## WHAT THE TASK ASKS
Pictures stay out. Extract the lines below from the first one through the line with "Refreshing blue cocktail with ice and smoke", both included.

## EXERCISE DATA
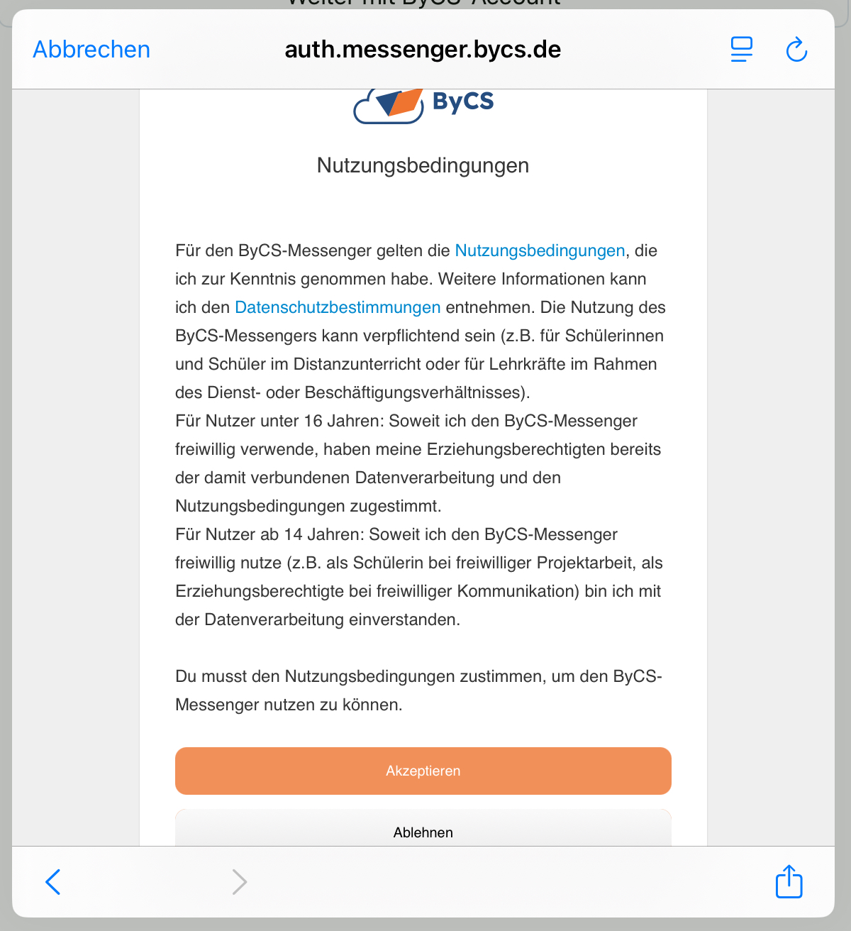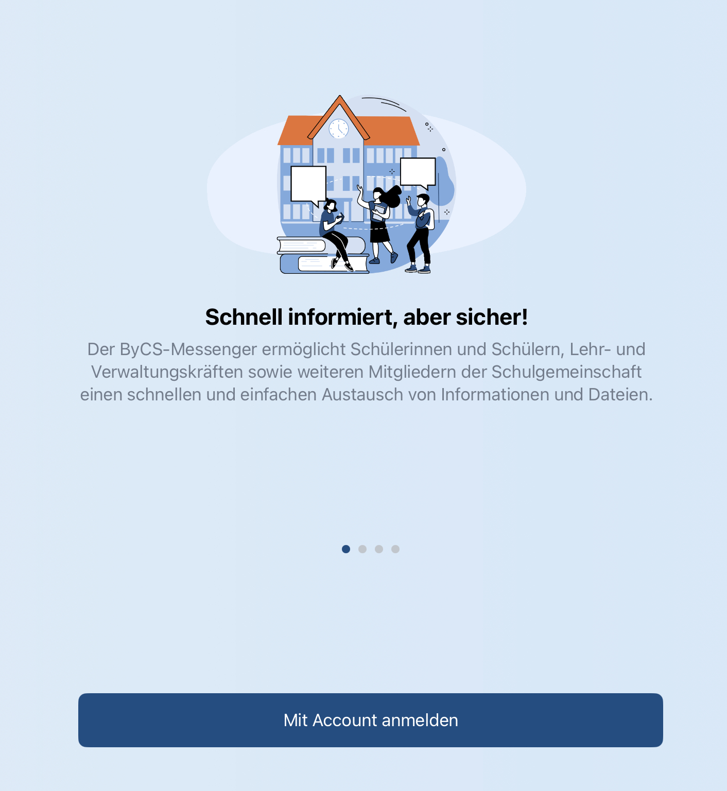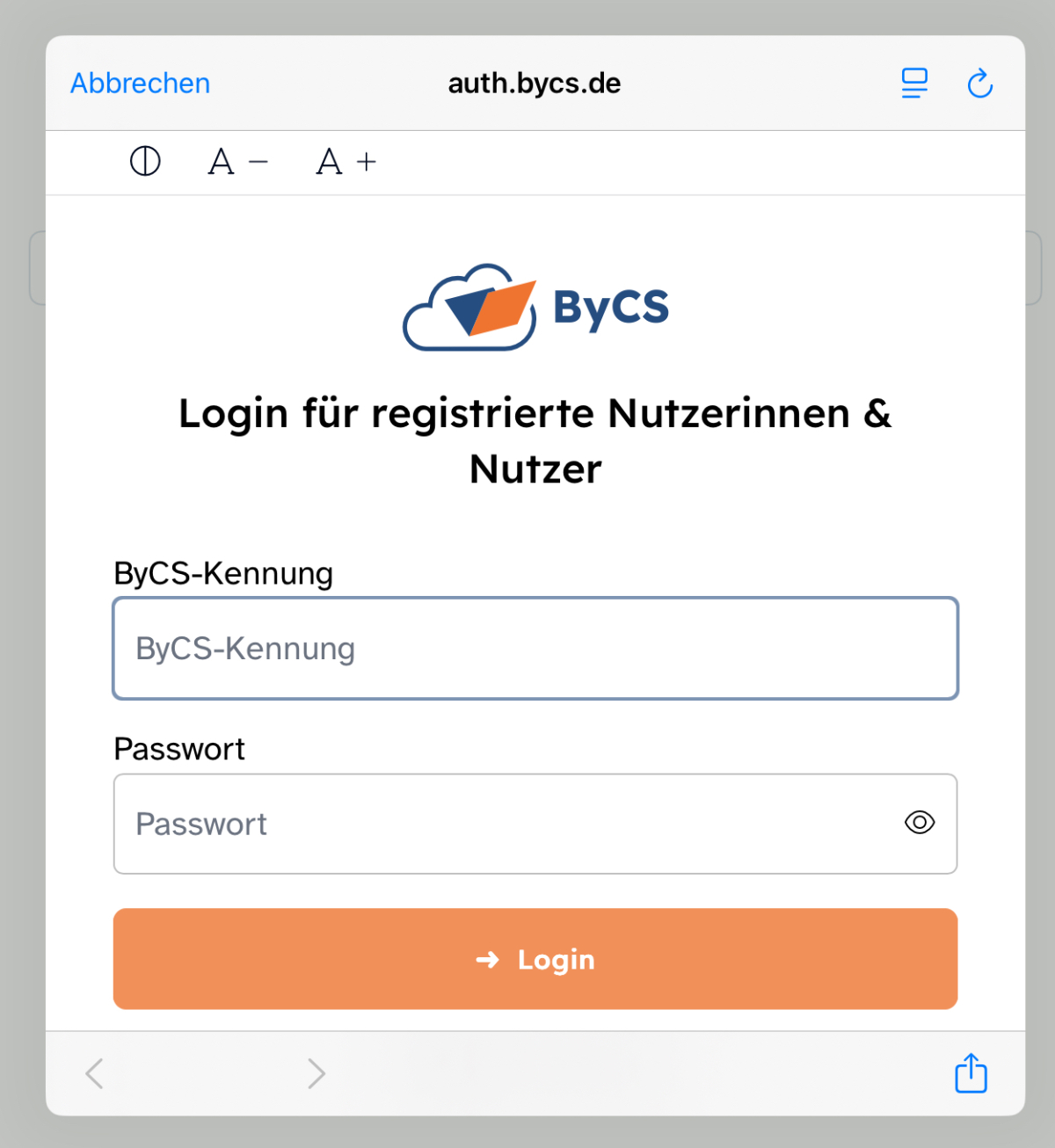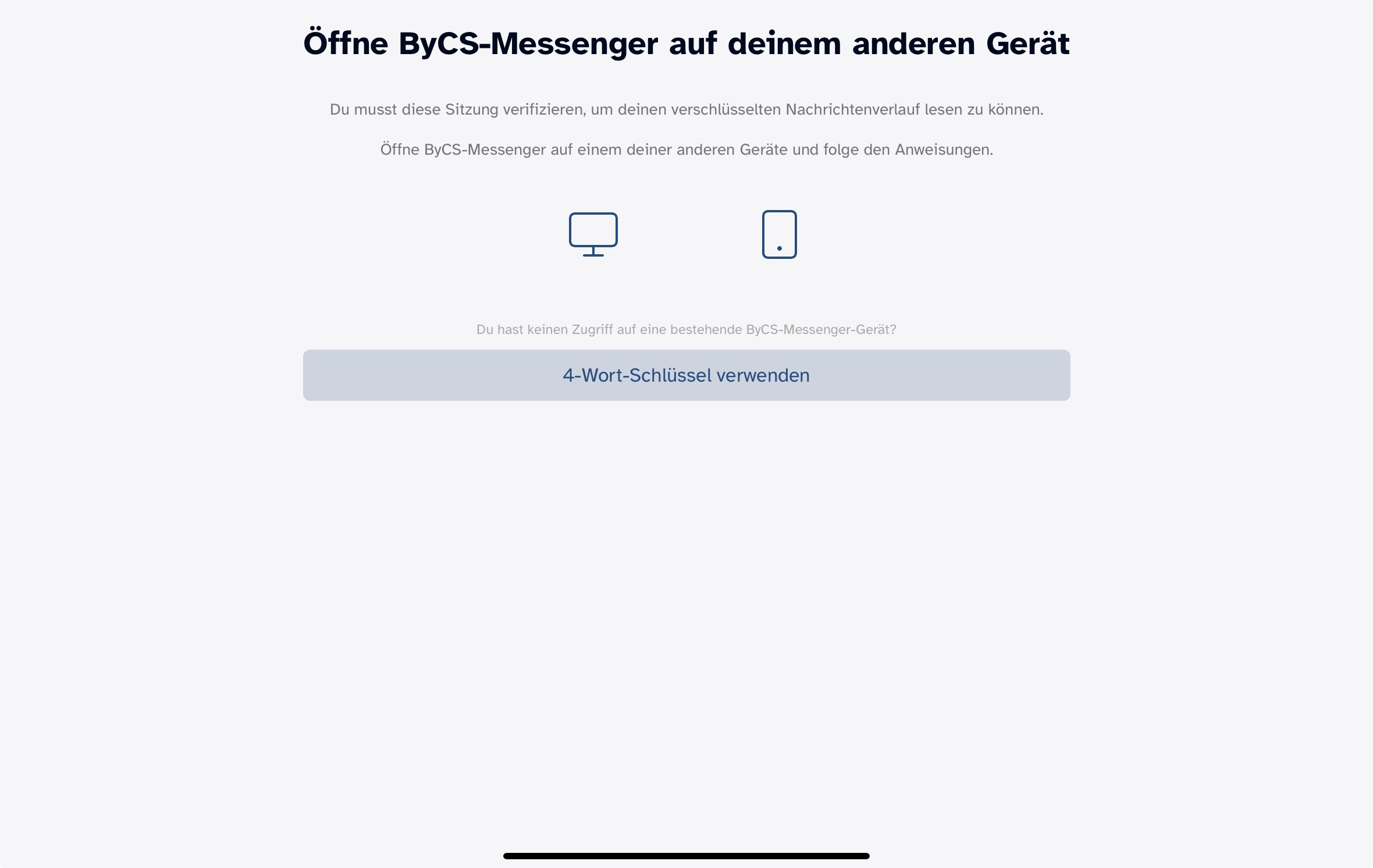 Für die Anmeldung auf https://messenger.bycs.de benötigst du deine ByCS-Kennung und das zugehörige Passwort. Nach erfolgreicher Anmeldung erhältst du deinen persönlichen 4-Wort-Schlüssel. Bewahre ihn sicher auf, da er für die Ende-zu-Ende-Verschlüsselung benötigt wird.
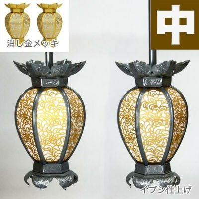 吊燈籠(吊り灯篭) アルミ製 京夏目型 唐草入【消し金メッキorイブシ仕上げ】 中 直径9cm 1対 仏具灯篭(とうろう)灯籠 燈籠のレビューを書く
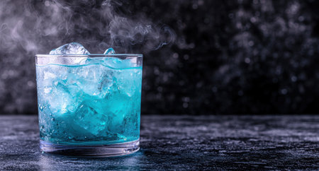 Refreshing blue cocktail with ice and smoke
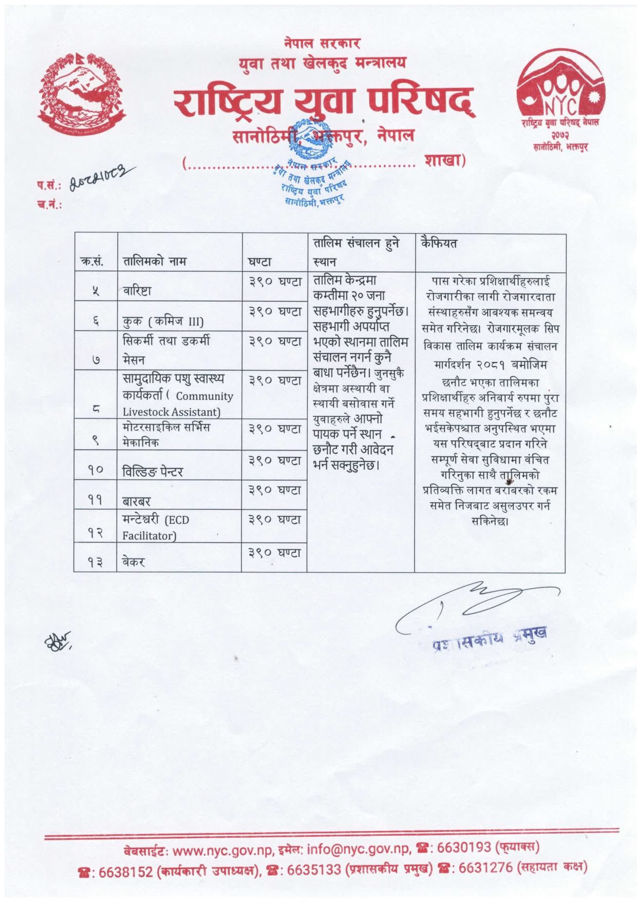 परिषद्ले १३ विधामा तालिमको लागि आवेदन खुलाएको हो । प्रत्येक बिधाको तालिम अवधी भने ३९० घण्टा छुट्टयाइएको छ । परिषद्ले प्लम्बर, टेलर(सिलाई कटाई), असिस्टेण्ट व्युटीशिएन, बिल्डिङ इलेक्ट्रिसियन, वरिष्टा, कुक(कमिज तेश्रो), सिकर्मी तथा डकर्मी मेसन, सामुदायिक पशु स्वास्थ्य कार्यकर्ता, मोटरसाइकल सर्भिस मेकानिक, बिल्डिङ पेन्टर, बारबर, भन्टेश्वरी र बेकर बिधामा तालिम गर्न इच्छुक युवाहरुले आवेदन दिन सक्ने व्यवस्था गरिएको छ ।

## YOUR RESPONSE
 Für die Anmeldung auf https://messenger.bycs.de benötigst du deine ByCS-Kennung und das zugehörige Passwort. Nach erfolgreicher Anmeldung erhältst du deinen persönlichen 4-Wort-Schlüssel. Bewahre ihn sicher auf, da er für die Ende-zu-Ende-Verschlüsselung benötigt wird.
 吊燈籠(吊り灯篭) アルミ製 京夏目型 唐草入【消し金メッキorイブシ仕上げ】 中 直径9cm 1対 仏具灯篭(とうろう)灯籠 燈籠のレビューを書く
 Refreshing blue cocktail with ice and smoke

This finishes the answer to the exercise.